TO DO
For this exercise, please reproduce the records below word for word, from the first line through the line with "WP_20150124_009 Published May".

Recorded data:
▬▬▬▬▬▬▬▬▬▬

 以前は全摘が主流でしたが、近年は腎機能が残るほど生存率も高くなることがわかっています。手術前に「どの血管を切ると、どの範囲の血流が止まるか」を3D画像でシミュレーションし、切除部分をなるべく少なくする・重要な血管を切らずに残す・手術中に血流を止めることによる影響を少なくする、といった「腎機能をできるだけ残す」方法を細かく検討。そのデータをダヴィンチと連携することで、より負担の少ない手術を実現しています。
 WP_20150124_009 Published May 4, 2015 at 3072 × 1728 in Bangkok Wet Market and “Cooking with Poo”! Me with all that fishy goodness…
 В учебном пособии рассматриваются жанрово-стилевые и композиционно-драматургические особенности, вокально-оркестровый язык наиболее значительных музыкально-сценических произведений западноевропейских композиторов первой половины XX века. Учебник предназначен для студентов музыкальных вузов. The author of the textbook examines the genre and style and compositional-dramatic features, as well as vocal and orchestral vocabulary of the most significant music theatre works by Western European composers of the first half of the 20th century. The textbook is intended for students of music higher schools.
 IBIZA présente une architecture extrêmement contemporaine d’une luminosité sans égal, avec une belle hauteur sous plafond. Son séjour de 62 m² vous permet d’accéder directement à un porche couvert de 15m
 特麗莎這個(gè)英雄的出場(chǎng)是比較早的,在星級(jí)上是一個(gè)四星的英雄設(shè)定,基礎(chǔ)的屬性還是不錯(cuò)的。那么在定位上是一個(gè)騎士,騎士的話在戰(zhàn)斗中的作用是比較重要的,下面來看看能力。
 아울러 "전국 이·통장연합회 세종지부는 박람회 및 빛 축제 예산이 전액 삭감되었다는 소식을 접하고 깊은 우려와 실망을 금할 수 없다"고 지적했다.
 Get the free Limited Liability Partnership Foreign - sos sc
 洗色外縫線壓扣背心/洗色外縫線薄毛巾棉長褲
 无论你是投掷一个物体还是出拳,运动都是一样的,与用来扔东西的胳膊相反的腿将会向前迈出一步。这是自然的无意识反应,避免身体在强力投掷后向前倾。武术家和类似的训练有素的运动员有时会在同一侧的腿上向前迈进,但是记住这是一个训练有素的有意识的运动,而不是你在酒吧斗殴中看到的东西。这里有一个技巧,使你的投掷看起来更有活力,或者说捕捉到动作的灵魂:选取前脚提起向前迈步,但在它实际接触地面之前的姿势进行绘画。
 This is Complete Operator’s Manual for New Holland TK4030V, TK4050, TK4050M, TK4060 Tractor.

▬▬▬▬▬▬▬▬▬▬

ANSWER TO THIS TASK
 以前は全摘が主流でしたが、近年は腎機能が残るほど生存率も高くなることがわかっています。手術前に「どの血管を切ると、どの範囲の血流が止まるか」を3D画像でシミュレーションし、切除部分をなるべく少なくする・重要な血管を切らずに残す・手術中に血流を止めることによる影響を少なくする、といった「腎機能をできるだけ残す」方法を細かく検討。そのデータをダヴィンチと連携することで、より負担の少ない手術を実現しています。
 WP_20150124_009 Published May 4, 2015 at 3072 × 1728 in Bangkok Wet Market and “Cooking with Poo”! Me with all that fishy goodness…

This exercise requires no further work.